The System Isn't 'Rigged' Against Sanders

Democratic presidential candidate Sen. Bernie Sanders, I-Vt., speaks during a campaign event, Saturday, April 9, 2016, in the Washington Heights neighborhood of New York. (AP)

Clinton's winning because more Democrats want her to be the nominee.
This story originally appeared on FiveThirtyEight and is reprinted with permission.

A week ago, New York Daily News columnist and Bernie Sanders supporter Shaun King tweeted the following about the Democratic caucuses in Washington, which took place in late March:


Whether King intended it or not, he implied that caucuses - which often require hours of participation and mean lower turnout - are representative of what would happen if a larger electorate had its say. Well, a funny thing happened in Washington on Tuesday: The state held a mail-in, beauty-contest primary - so voting was easy, but no delegates were at stake. (The Associated Press has declared Hillary Clinton the winner.) The results are still being finalized, but Clinton leads by about 6 percentage points with more than 700,000 votes counted. Sanders won the Washington caucuses, which had 230,000 participants, by 46 percentage points.

So, turnout was much higher in the Washington primary than in the caucuses, and Clinton did much better. Something similar happened in Nebraska, where Clinton lost the early March caucuses by 14 percentage points and won the early May primary, in which no delegates were awarded, by 7 points.

Nebraska and Washington are part of a pattern. As Sanders fans claim that the Democratic primary system is rigged against their candidate and that Sanders wins when turnout is higher, they fail to point out that Sanders has benefited tremendously from low-turnout caucuses. Indeed, if all the caucuses were primaries, Clinton would be winning the Democratic nomination by an even wider margin than she is now.

Let's start out with the real-world numbers. Here are the delegate and vote totals by contest, including caucuses and primaries, so far:



Counting only caucuses, Sanders has won 63 percent of the vote, 64 percent of the delegates and 11 of the 16 contests. In doing so, he has earned 341 elected delegates, compared with Clinton's 195 delegates, for a margin of 146 delegates. These caucuses have had approximately 1.1 million participants. As a point of comparison, turnout in the caucuses has been only about 13 percent of the total number of votes President Obama got in the 2012 presidential election in these states.

Sanders has done far worse in the states that have held primaries. Counting just primaries, including Tuesday's in Washington, Sanders has won only 42 percent of the vote, 42 percent of delegates and 10 of the 34 statewide contests. Clinton earned 1,576 elected delegates, compared with Sanders's 1,158, for a margin of 418. The turnout in these contests has been far higher than in the caucuses, with a little more than 24 million votes cast. That's about 49 percent of the total number of votes Obama got in the 2012 election in these states.

Now, it is fair to point out that the caucuses have taken place in states that are demographically different than the primary states. Caucus states in 2016 are overwhelmingly white and overwhelmingly rural compared with primary states. Still, these differences don't come close to explaining the differences in results between the caucuses and primaries so far. We can look to Nebraska and Washington as two examples of the disparity.

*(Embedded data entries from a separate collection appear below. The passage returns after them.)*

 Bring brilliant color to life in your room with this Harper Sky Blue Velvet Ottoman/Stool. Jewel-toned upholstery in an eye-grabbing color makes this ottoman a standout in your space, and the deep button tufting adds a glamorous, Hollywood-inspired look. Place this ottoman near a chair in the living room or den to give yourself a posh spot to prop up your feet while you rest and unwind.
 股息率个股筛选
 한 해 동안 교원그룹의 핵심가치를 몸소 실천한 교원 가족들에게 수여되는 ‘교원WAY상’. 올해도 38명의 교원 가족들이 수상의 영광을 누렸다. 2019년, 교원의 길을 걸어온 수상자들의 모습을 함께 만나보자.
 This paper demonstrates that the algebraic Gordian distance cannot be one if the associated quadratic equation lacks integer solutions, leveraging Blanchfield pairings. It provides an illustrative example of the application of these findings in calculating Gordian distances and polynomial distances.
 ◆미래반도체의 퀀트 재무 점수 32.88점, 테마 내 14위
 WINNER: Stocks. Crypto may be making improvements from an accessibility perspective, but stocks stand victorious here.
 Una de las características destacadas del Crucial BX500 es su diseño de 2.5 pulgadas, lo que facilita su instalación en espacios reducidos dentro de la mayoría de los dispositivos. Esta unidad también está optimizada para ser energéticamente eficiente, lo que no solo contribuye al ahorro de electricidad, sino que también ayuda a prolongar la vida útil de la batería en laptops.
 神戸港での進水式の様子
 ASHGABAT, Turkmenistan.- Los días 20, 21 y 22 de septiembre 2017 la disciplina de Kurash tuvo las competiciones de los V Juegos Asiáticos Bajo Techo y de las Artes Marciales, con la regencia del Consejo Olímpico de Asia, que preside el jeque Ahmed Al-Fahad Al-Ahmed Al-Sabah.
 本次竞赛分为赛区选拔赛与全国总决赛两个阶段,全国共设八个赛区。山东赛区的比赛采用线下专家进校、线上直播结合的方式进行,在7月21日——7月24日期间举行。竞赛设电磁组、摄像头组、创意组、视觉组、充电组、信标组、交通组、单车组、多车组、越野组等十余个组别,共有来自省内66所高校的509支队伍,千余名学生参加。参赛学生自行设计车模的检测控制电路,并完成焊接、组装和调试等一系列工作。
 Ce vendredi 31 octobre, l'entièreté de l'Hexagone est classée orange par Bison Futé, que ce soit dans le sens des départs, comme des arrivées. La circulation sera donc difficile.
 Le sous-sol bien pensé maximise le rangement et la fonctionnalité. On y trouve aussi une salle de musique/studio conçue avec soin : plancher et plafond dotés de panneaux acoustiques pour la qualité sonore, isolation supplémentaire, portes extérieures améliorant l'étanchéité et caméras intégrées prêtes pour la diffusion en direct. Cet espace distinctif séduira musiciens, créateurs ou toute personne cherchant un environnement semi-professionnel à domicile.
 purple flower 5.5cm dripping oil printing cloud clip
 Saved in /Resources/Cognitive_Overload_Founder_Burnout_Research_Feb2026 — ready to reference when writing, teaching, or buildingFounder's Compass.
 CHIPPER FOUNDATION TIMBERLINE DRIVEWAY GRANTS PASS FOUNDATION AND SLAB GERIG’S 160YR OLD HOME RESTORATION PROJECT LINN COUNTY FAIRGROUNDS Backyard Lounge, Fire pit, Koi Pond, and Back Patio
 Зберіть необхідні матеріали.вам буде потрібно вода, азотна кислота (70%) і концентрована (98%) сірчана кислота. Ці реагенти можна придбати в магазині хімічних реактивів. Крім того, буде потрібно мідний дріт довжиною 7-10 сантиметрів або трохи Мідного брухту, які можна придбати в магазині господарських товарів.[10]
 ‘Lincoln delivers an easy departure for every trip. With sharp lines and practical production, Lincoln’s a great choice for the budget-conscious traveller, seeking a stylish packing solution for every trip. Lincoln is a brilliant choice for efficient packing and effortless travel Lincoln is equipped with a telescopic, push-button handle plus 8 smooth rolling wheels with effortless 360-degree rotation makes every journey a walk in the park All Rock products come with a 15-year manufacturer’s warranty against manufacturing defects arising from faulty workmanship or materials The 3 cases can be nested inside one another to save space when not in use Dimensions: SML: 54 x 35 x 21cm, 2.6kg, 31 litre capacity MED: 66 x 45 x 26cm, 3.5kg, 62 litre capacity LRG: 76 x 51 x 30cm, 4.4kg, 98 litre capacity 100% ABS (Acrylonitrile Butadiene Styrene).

Of course, one could argue that because no delegates were up for grabs in those states' primaries, the campaigns didn't really compete for residents' votes and therefore those contests aren't representative of what a truly competitive primary would look like there. Fortunately, because the vote in the Democratic primary has largely broken down along demographic lines, we can use statistical models to approximate what would happen if states that held caucuses had held primaries instead.

At various times, we've tried using demographics to model the vote in the Democratic nomination contest so far. The model considers each 2016 contest and controls for (i) the black and Hispanic share of the Democratic vote in that state in the 2008 general election, (ii) whether that primary or caucus is "open" to independent voters unaffiliated with a political party, and (iii) the margin in national primary polls at the time the contest is held. This model estimates that holding caucuses instead of primaries is a massive advantage for Sanders. In fact, Clinton would do about 20 to 25 percentage points better relative to Sanders if a state changed from a caucus to a primary, the model estimates.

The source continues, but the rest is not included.